--- Dataset entries Enclosed Below ---
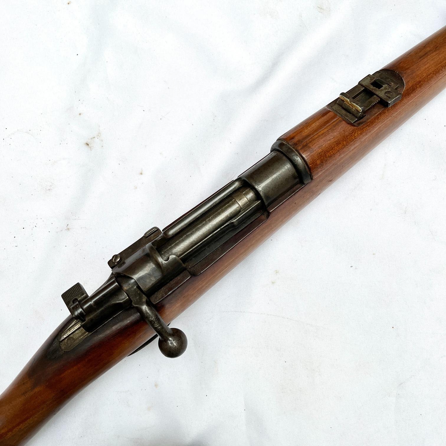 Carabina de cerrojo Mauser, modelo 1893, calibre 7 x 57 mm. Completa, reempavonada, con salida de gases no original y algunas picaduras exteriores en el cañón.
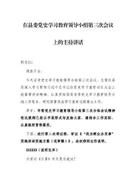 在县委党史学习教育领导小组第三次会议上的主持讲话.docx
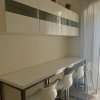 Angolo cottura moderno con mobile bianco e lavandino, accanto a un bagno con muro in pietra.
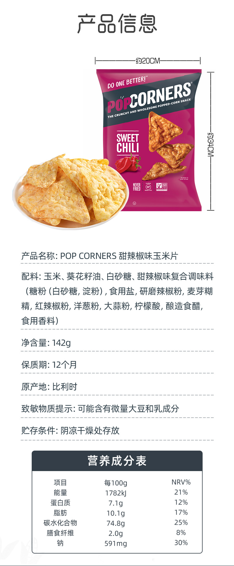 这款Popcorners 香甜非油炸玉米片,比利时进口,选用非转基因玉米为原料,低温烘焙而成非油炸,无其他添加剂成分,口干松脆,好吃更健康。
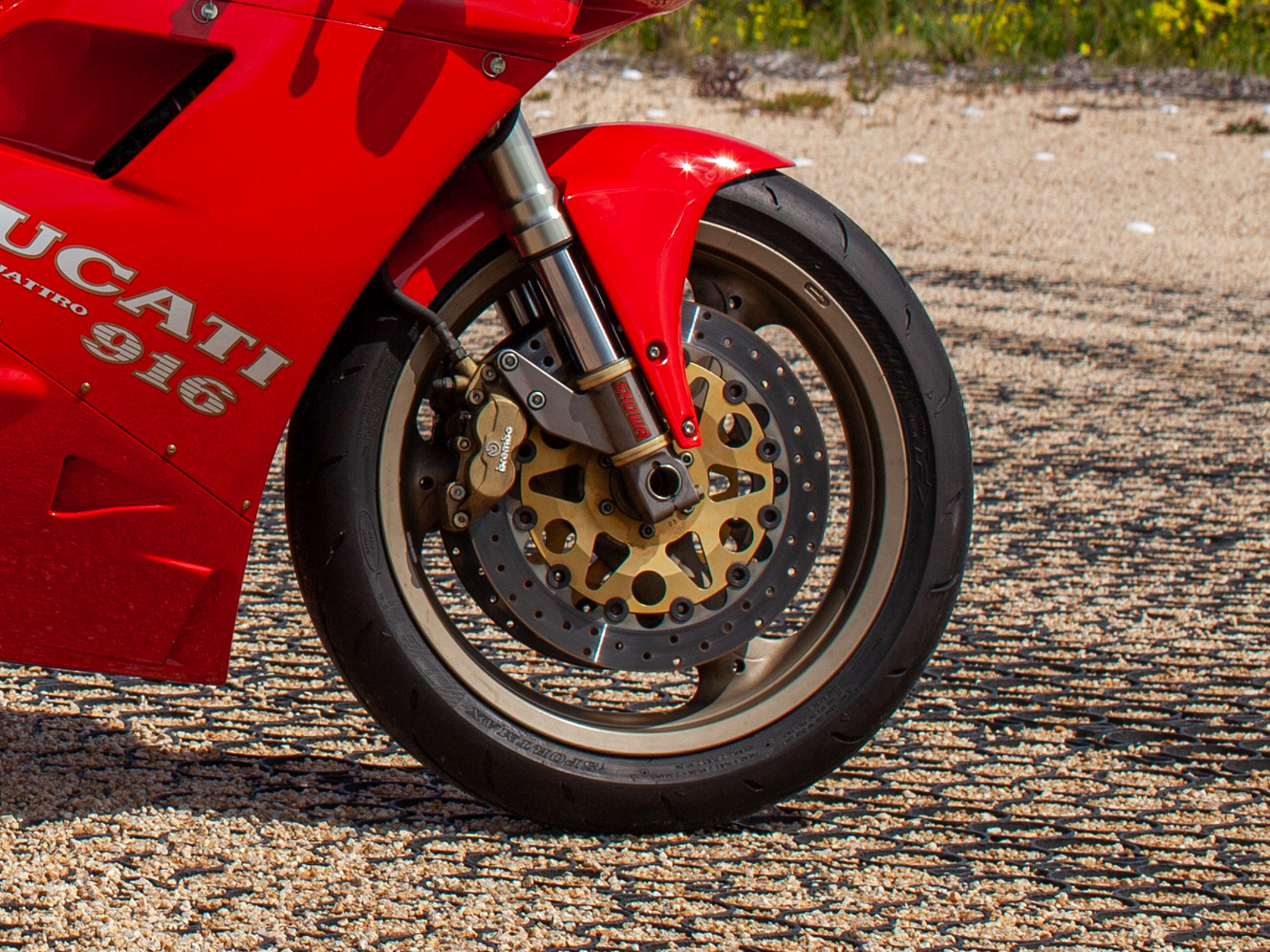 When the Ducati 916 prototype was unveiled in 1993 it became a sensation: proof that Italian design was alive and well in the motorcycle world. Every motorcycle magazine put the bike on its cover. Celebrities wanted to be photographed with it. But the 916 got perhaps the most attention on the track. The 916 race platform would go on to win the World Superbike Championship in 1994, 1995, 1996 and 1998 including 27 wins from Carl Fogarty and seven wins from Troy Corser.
--- End of Enclosed Dataset entries ---
== What the task asks ==
Print exactly the lines above that run from the one with "在县委党史学习教育领导小组第三次会议上的主持讲话.docx" to the one with "这款Popcorners 香", both included. No pictures.

== Answer section ==
 在县委党史学习教育领导小组第三次会议上的主持讲话.docx
 Angolo cottura moderno con mobile bianco e lavandino, accanto a un bagno con muro in pietra.
 这款Popcorners 香甜非油炸玉米片,比利时进口,选用非转基因玉米为原料,低温烘焙而成非油炸,无其他添加剂成分,口干松脆,好吃更健康。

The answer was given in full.